Ощущение социального отщепенчества не пугало до тех пор, пока поэт ощущал свою историческую правоту. Он не хотел быть человеком прошлого. Как жеребенку из «Сорокоуста» было не догнать «коня стального» – поезда, так и Есенину было не угнаться, хотя бы и «задрав штаны... за комсомолом» [6, с. 198]. Но, как и жеребенок, он попытался это сделать. И стал судорожно и неумело «перековываться»:

И пусть иная жизнь села
Меня наполнит
Новой силой [6, с. 233].

На пике желания преодолеть социальное одиночество были написаны «Стансы», «Поэтам Грузии», «Ленин», «Поэма о 36», «Баллада о двадцати шести», «Цветы», «Песнь о великом походе», «Капитан земли», «Издатель славный! В этой книге...» – своеобразный пласт есенинских стихов второго ряда, из которых лишь единицы могут претендовать на роль написанного классиком русской литературы, например, «Неуютная жидкая лунность...»

Бег за все убыстряющим свое движение к новому «поездом»–эпохой надломил силы поэта. О своей жизни все чаще он говорит в прошедшем времени: «все укатилось» [6, с. 133], «все пролетело… далече… мимо… сердце остыло и выцвели очи» [6, с. 133], «я все прожил» [6, с. 390], «эту жизнь прожил я словно кстати, заодно с другими на земле…» [6, с. 395].
                           
С высоты прожитых лет он удивляется былому озорству, веселью:

Эх, бывало, заломишь шапку,
Да заложишь в оглобли коня,
Да приляжешь на сена охапку, –
Вспоминай лишь, как звали меня.
                                 
И откуда бралась осанка… [6, с. 130 – 131].

Вполне закономерно на этом фоне возникает  мотив ухода, прощания с жизнью:

На душе – лимонный свет заката… [6, с. 395],
            ………………………………
Цветы мне говорят – прощай,
Головками склоняясь ниже,
Что я навеки не увижу
Ее лицо и отчий край [6, с. 136],
           ………………………
И эту гробовую дрожь
Как ласку новую приемлю…[6, с. 136].

Поэт все чаще думает о  собственной смерти как о чем–то близком и неизбежном:

Не знаю, болен я
Или не болен,
Но только мысли
Бродят невпопад.
В ушах могильный
Стук лопат
С рыданьем дальних
Колоколен.

Себя усопшего
В гробу я вижу
Под аллилуйные
Стенания дьячка.
Я веки мертвому себе
Спускаю ниже,
Кладя на них
Два медных пятачка [6, с. 224].

Все, о чем просит поэт, чтобы ему дали «на родине любимой... спокойно умереть» [6, с. 110].

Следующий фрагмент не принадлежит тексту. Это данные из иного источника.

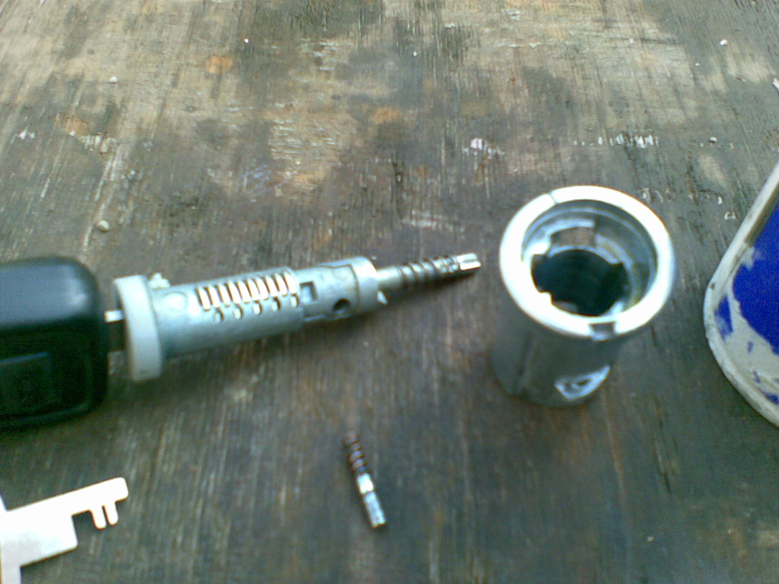 Každopádně si dovolím návodek trochu rozšířit. Omlouvám se za fotky pořízené mobilem, ale nevěděl jsem, že to budu až tak rozebírat a foťák jsem sebou tedy netahal. Myslím si že je sice hezké vložku vytáhnout ven, ale nejvíce bordelu je vevnitř v otočném mechanismu. Takže, když máme vložku venku, tak je dobré ji rozebrat úplně a to tak, že vytáhneme ten kolík, co se točí ve vložce - je nahoře. otočím do krajní polohy a zatalčím na něho, (je na pružince) a tím ho dostanu za krajní mez. Kolík pak vytáhnu a dávám pozor na pružinku, která by měla jít ven s ním. Pak spolu s klíčem vytahuju vnitřek vložky. KLÍČ ROZHODNĚ NEVYTAHUJU Z OTOČNÉ VLOŽKY !!! Rozsypaly by se "planžetky" a to by jaksi nebylo to pravé ořechové... (Klíč lze pak opatrně vytáhnout, ale je třeba planžetky držet jemně dvěma prstama !
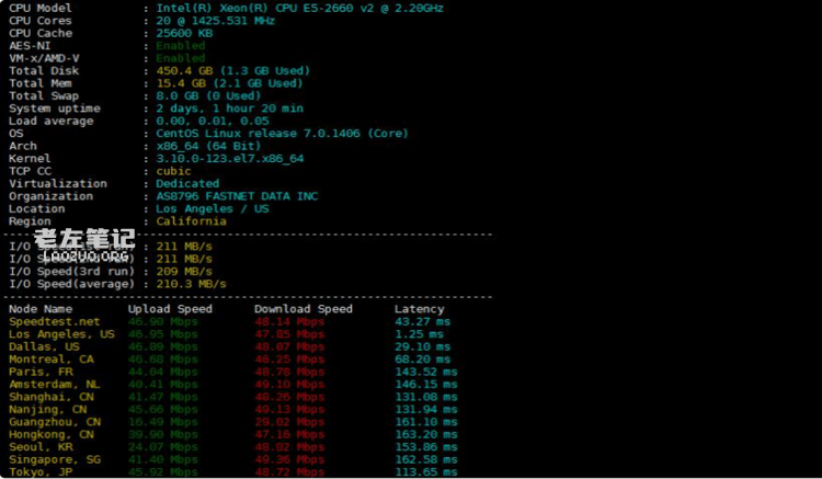 可以看到服务器采用的是E5-2660 V2.2G的10核20线程处理器(也有20核40线程可选),磁盘V/O在210MB/秒左右,可以确定使用的是SSD固态硬盘,上传和下载速度都跑满了50Mbps,相当的不错的。
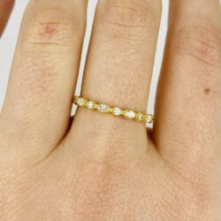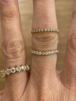 Les alliances diamants peuvent être réalisées sur mesure, vous choisissez la taille des pierres ainsi que leur nombre. Nous réalisons également des alliances tout or, vous pouvez les essayer à la boutique pour choisir la forme, l’épaisseur, la largeur et la couleur qui vous correspondent.
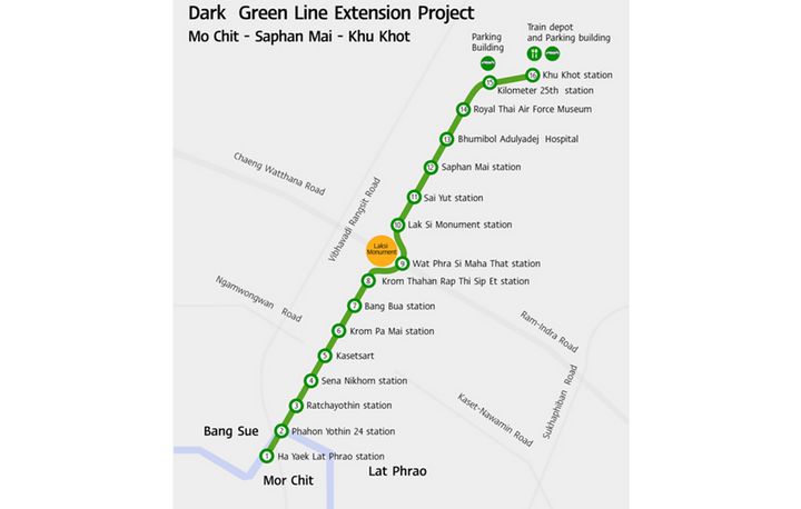 According to the cabinet’s meeting on November 27, 2008 the cabinet has approved the Mass Rapid Transit Authority of Thailand (MRTA) to operate the construction of the Green Line: Mo Chit – Saphan Mai section and also, the Green Line: Bearing – Samut Prakan section. This route is 25 kilometers long. Later on, the cabinet had a meeting on March 9, 2010 acknowledged of the commission of the management of road traffic’s meeting summary no. 1/2010 on February 8, 2010 approved to extend the Green Line from Mo Chit – Saphan Mai to Mo Chit – Saphan Mai – Khu Khot section. The depot at the south of Don Muang Airport had been cancelled and build another depot near Khu Khot station instead.
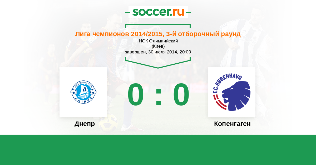 Протокол матча Днепр против Копенгаген
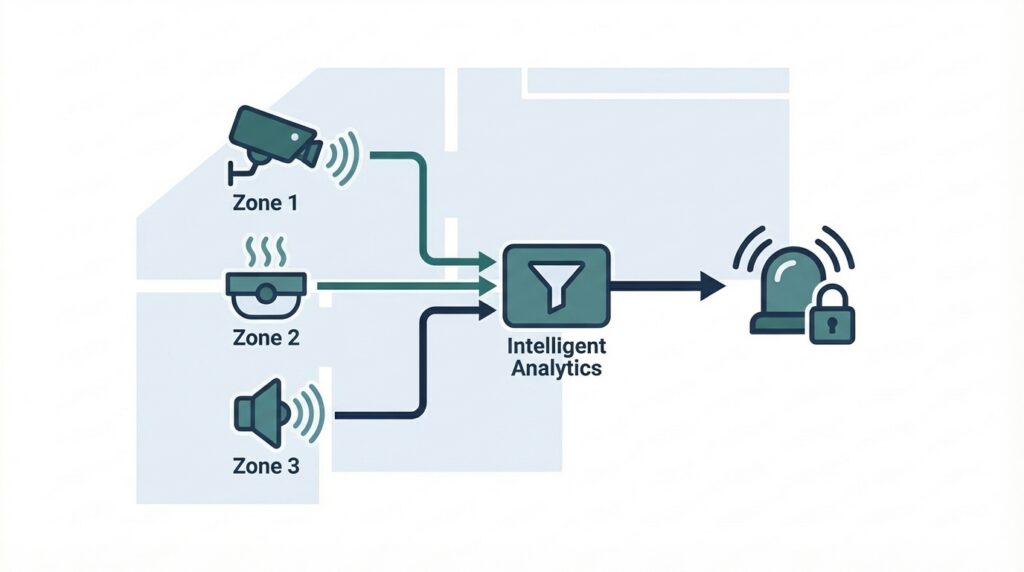 Hyödynnämme moderneja ratkaisuja kuten ilmaisimien ristiinvalvontaa ja kehittyneitä analytiikkatoimintoja. Nämä parantavat järjestelmän luotettavuutta merkittävästi ja vähentävät erheellisiä hälytyksiä – jotka ovat yksi suurimmista operatiivisista ongelmista perinteisissä järjestelmissä.
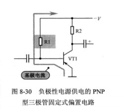 如圖8-30所示是負極性電源供電的PNP型三極管固定式偏置電路。電路中的VT1是PNP型三極管,-V是負極性直流電源,R1是基極偏置電阻,R1構成VT1的固定式基極偏置電路,R1可以為VT1提供基極電流。基極電流是從地線流入發射極,從基極流出再經R1到達負電源-V端。
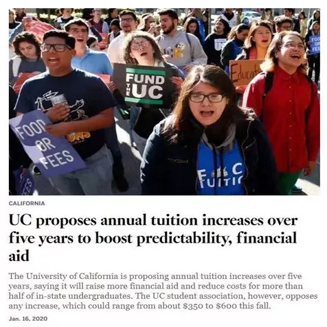 此外,一些反对者还认为,向某些学生收取的费用甚至比其他费用还要高。 因为根据第一个方案,如果 2020 年入学的学生支付 13176 美元的学杂费,那 2024 年入学的加州学生将支付 15414 美元,这对后面的学生来说也是不公平的。
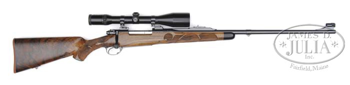 *SPECTACULAR JOHN BOLLINGER CUSTOM BOLT ACTION RIFLE WITH SCOPE. SN G297411. Cal. 7 mm STW. Beautiful custom rifle by a well known maker with 26″ tapered sporting weight bbl, sleeve ramp front sight with hood and quarter-rib with 2-leaf, sight (1-standing, 1-folding) and mounted with EAW quick release/return-to-zero bases and rings containing a Zeiss Divari-Z 2.5-10X48 T* scope with medium duplex crosshairs. Receiver is a customized Model 70 action with custom checkered bolt release and jeweled bolt body, rails & follower with jeweled long claw extractor and 5-panel teardrop checkered bolt knob. Mounted with spectacular French or Circassian walnut half stock with 14″ LOP over a thin Pachmayr, red, Old English pad and beautiful custom ribbon & fleur-de-lis checkering. Stock also features right hand palm swell and finely sculpted volute near checkered bolt release. Custom trigger guard & floorplate have a trigger guard mounted floorplate release. It has rosewood forend tip with engraved steel grip cap. Butt stock has a wonderful sweeping cheekpiece with Kimber style sling base in a raised pedestal on bottom and a corresponding stalking swivel base around bbl. Weight: 10 lbs. 2 oz. with scope. Accompanied by two 25 rnd boxes of Nosler Custom brass and a Redding precision die set w/ micrometer bullet seater. CONDITION: Extremely fine plus. Overall retains about all of its fine custom finish to both metal & wood with only a few minor handling & use nicks & scratches in butt stock. Scope has mounting scratches, otherwise is extremely fine with crisp optics. Mechanics are crisp, brilliant shiny bore. 4-45022 (8,000-12,000)
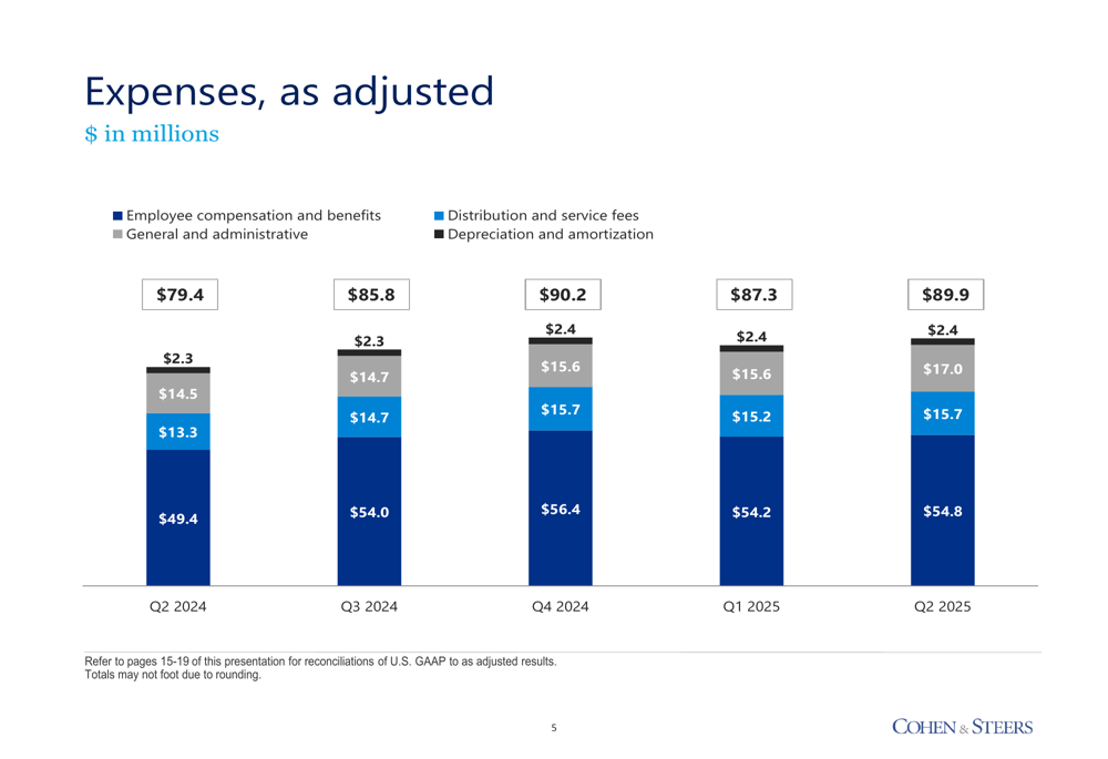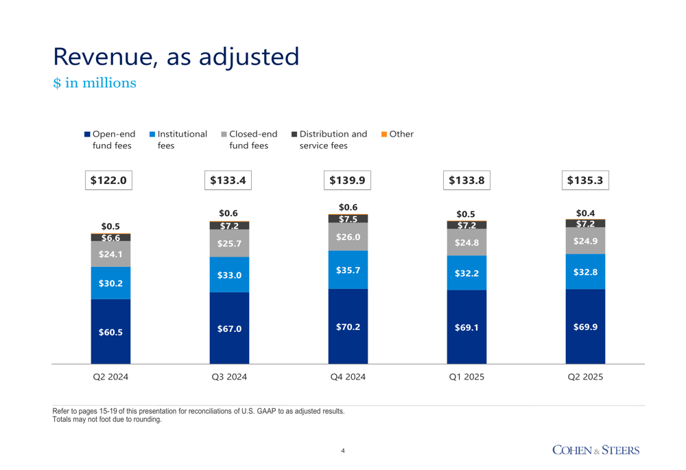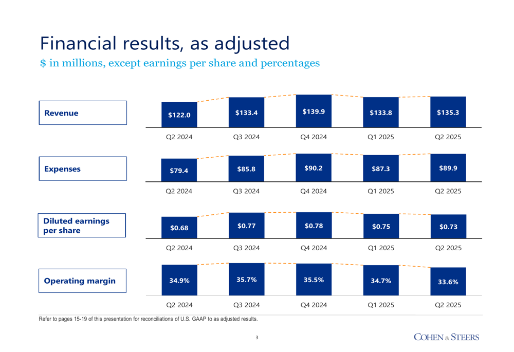 Cohen & Steers reported adjusted earnings per share of $0.73 for Q2 2025, down from $0.75 in the previous quarter. Revenue increased 1.1% quarter-over-quarter to $135.3 million, while adjusted operating income declined to $45.4 million, resulting in an operating margin of 33.6%, down from 34.7% in Q1 2025.
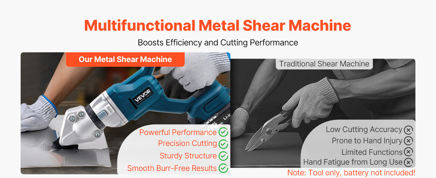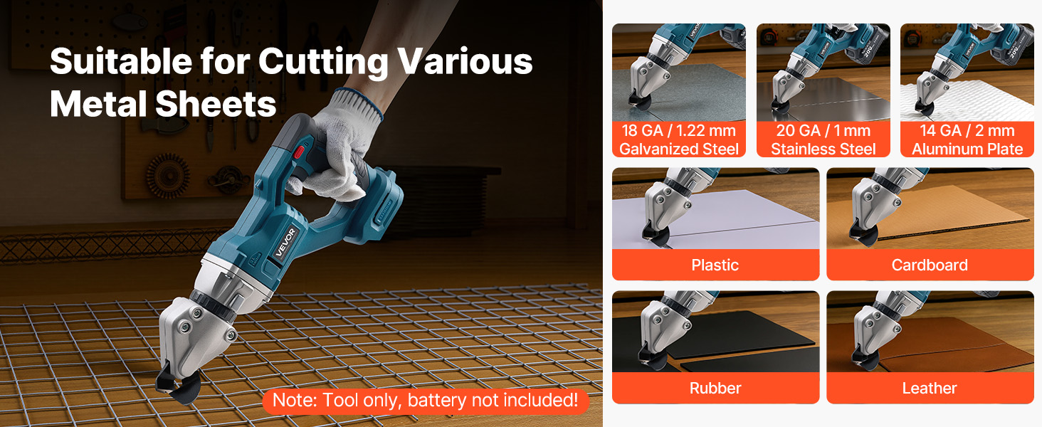 Sähkökäyttöinen leikkuri on suunniteltu monille eri materiaaleille. Se leikkaa vaivattomasti metallilevyjä, muovia, pahvia, kumia ja nahkaa, joten se sopii hyvin pajoihin, autotalleihin ja kotikäyttöön erilaisissa projekteissa.

Чувство усталости, обреченности нарастало, как снежный ком. Ощущая себя «как лошадь, загнанная в мыле» [6, с. 207], далеко не убежишь. Развязка приближалась...

«Безнадежная грусть... стала песней моей...»

Весьма важная предпосылка самоубийства Есенина – трагедийная составляющая мироощущения поэта.

Безнадежная грусть
В тихом треске углей
У костра моего
Стала песней моей [7, с. Т. 4, с. 34], –

говорит автор «Больных дум». По стилю подражательные, ученические, по содержанию эти строки уже есенинские. Взятая однажды высокая трагическая нота  останется  характерной чертой художественного мира Есенина на протяжении всех лет творчества.

Истоки трагедийного мироощущения – в полученной в детстве психической травме.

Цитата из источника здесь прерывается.